Il y a, par ailleurs, les pistes improbables des Belkhadem, de Sellal et de Tebboune : Des rumeurs, pêle-mêle, annoncent, pour une éventuelle présentation à la présidentielle, le retour de Belkhadem aux affaires, la piste Sellal ou encore le scénario hollywoodien de la glorification de Tebboune. Si M. Belkhadem est connu pour son sens de l'Etat, il est à jamais dépassé parcequ'il a été trop éloigné et pour longtemps ; sa posture, réelle ou ressentie, de représentant de la mouvance islamique anéantit ses chances. M. Sellal, quant à lui, aurait pu faire consensus. Personnalité politique peu exigeante, facile à vivre, aux ambitions effacées, il ne mettra personne en difficulté. Mais ni le consensus, ni le personnage ne sont d'actualité, les temps sont difficiles et les partisans du moindre effort ne font plus recette. M. Tebboune, somme toute, n'est qu'une diversion, un Ministre centre de coût ne peut être une issue sérieuse.

Il y a le cas Makri : Une piste sérieuse mais en aucune façon menaçante. Jamais un islamiste, même soutenu par des coalitions insoupçonnées, n'accèdera à la plus haute marche, à la fonction suprême, en tout cas pas pour les prochaines années ; les Algériens ne sont pas prêts et les exemples récents de la Tunisie et de l'Egypte vont dans ce sens.

Il y a, enfin, les sans-appareils que j'appelle les « Juste parce que c'est moi ». Ceux-là se valent tous, en dépit du parcours propre à chacun, ils croient pouvoir s'octroyer ce qui a déjà été refusé aux autres.

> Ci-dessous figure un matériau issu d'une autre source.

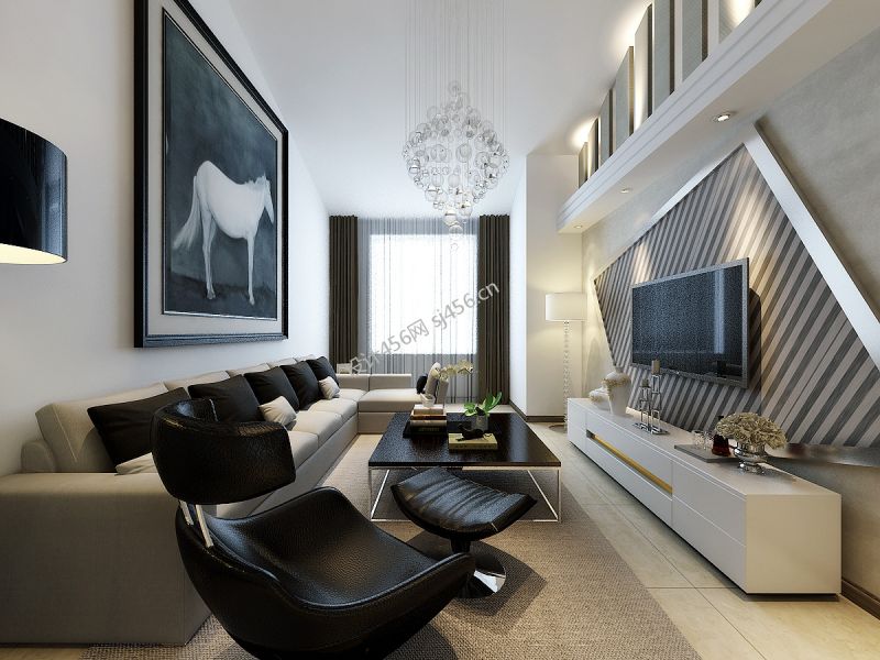 保利溪湖林语86平米现代简约风格装修案例风效果图
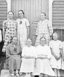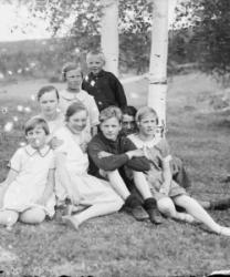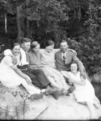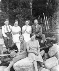 Takana vasemmalta Artturi Mäkiranta, Martta Rauhala, Sennu Mäkiranta, Kaarlo Rauhala, edessä Kerttu Forss, Hilda Mäkiranta.

Ils feront, s'ils ont le courage de se présenter, de la figuration, exactement comme le reste de la classe politique.

L'émergence d'une personnalité, hors des normes imposées jusqu'à aujourd'hui, demeure improbable même si le temps est pour le changement sous d'autres cieux ; seule consolation, au-delà de 2019, rien ne sera comme avant, pendant l'infime moment où on pense au changement, les choses (ont) déjà changé.